French is joining the IOC from the England and Wales Cricket Board, where he was Director of Public Policy and International Relations, overseeing the organisation’s strategic development in public affairs and managing key external relationships.
Before that, Philip French held the position of Chief Adviser on Sport at the Department for Culture, Media and Sport of the United Kingdom government. With responsibilities ranging from grassroots and elite athlete funding ahead of the Olympic Games London 2012, the National Lottery, broadcasting and gambling, French led on drafting and delivering the government’s key strategic policies on behalf of the Secretary of State for Culture, Media and Sport.

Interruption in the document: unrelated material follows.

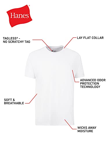 Description Whether you wear this classic crewneck t-shirt as an undershirt or a tee, you'll appreciate how Hanes® has taken a basic style and made it even better. You'll love the lay-flat crewneck collar, tag-free design, and extra-long length that ensures they stay tucked in. Made with advanced odor protection technology and Cool Comfort® moisture-wicking fabric, you’ll stay cool and feel fresh no matter how long your day is. Stock up on these comfortable men's tees in a convenient 6-pack of assorted colors and start wearing a better-than-basic undershirt.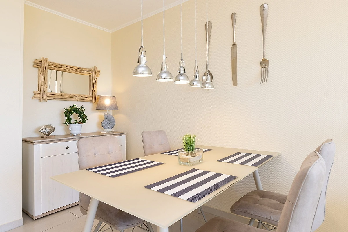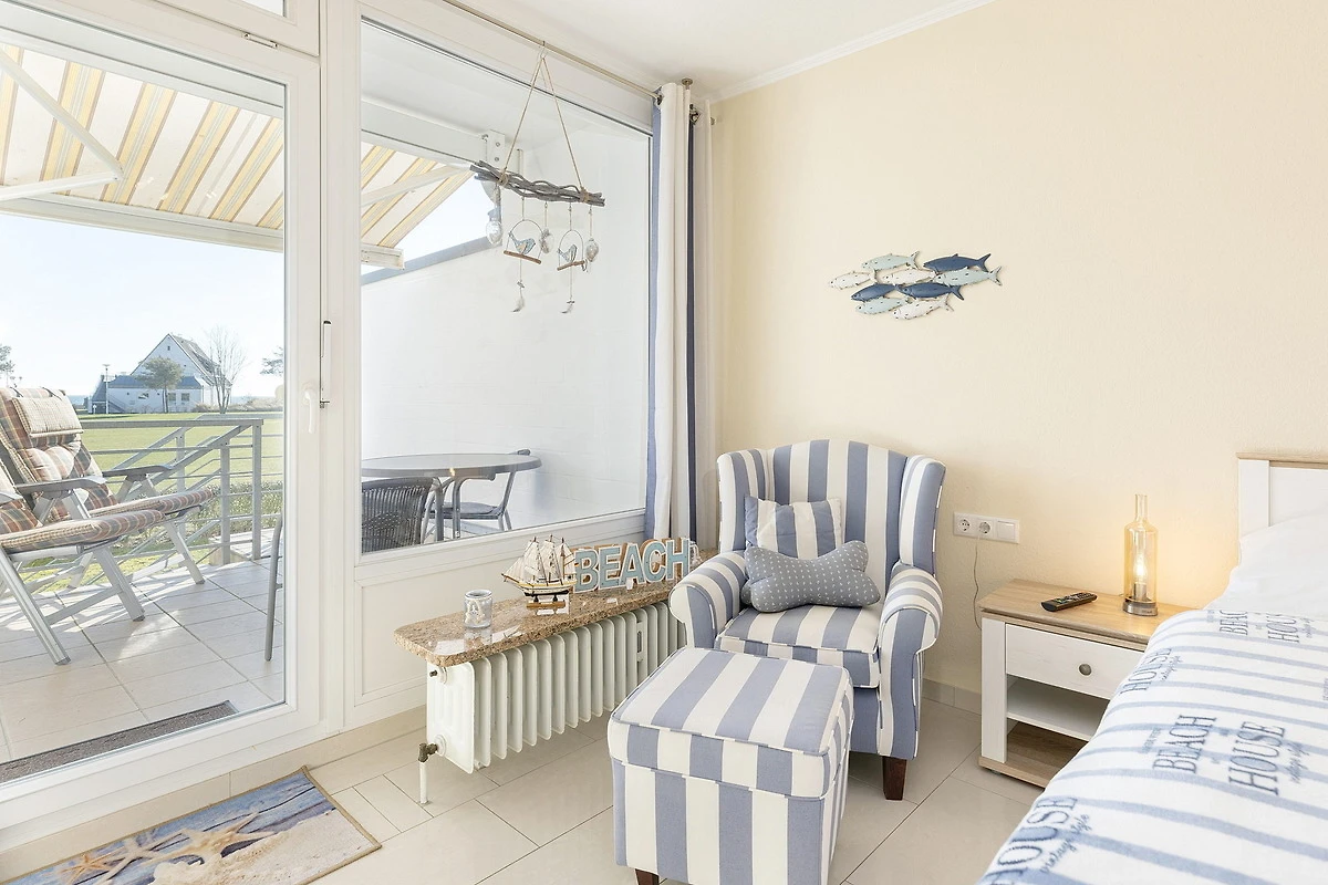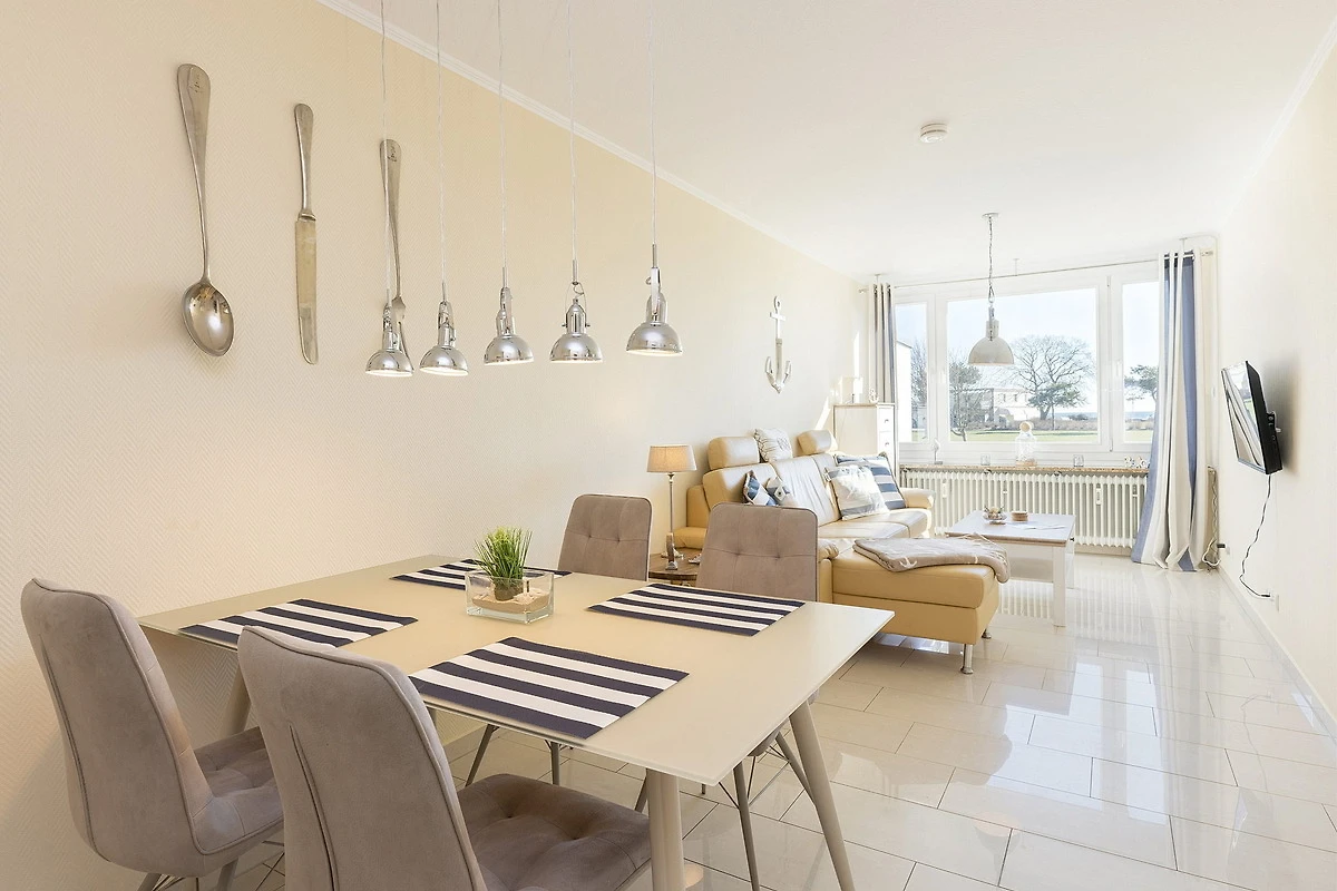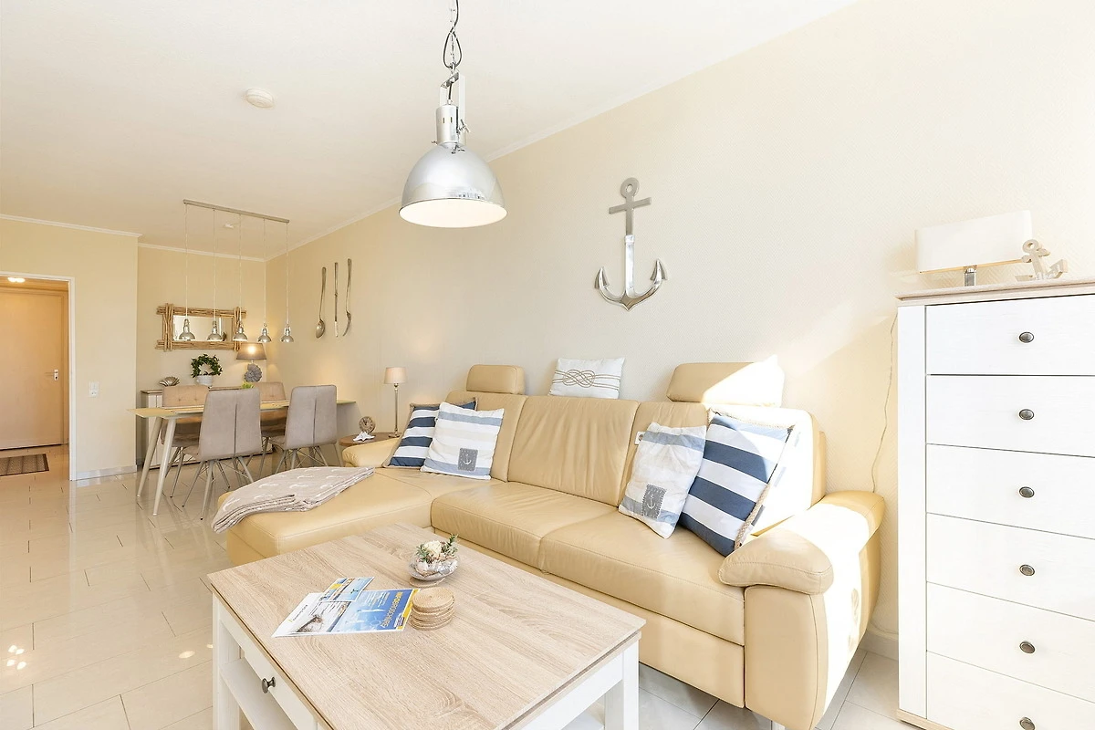 Sehr gepflegte Ferienanlage mit grosszügiger Rasenfläche in 1. Reihe, nur ca. 100m bis zur Promenade und vom Sandstrand (eigener Strandzugang) entfernt. Die Seebrücke erreichen Sie in ca. 2 Gehminuten, bis zum Yachthafen gehen Sie ca. 5 min. Im Haus befindet sich ein Fahrstuhl, der ebenerdig erreicht werden kann. Waschmaschine und Trockner stehen zur Verfügung (gegen Gebühr)

Mr French was previously Chief Executive of Supporter Trusts, a British non-profit organisation which aims to provide a platform for fans to influence the running of their clubs, and Director of Public Policy at Premier League, where he had responsibility for public affairs, corporate communications and community development. He previously wrote for the Guardian newspaper and was a consultant to UEFA in the UK.
A graduate in Economics with Government of the London School of Economics and Political Science, Philip French has acquired over his career extensive experience in public affairs, international relations, community development and stakeholder management. He is very well acquainted with the world of sport, from both the media and management sides, and will be a valuable addition to the IOC’s team of directors.
A fan of athletics, football, cricket and tennis, Mr French is also involved in a number of grassroots and charity projects.
A British national, Mr French will take up his post on 1 March 2016.
The IOC has developed a comprehensive programme using sport as a tool for local socio-economic development and for humanitarian assistance. The PASD is central in defining the strategies for the development and implementation of such grassroots and peace projects around the world, as well as for advocating for the integration of sport and physical activity in national and international policies and programmes. It is also responsible for fostering partnerships with a wide range of organisations specialised in development and humanitarian aid, including the agencies of the United Nations (UN) and non-governmental organisations (NGOs), in a bid to build a better world through sport.
The International Olympic Committee is a not-for-profit independent international organisation made up of volunteers, which is committed to building a better world through sport. It redistributes more than 90 per cent of its income to the wider sporting movement, which means that every day the equivalent of USD 3.25 million goes to help athletes and sports organisations at all levels around the world.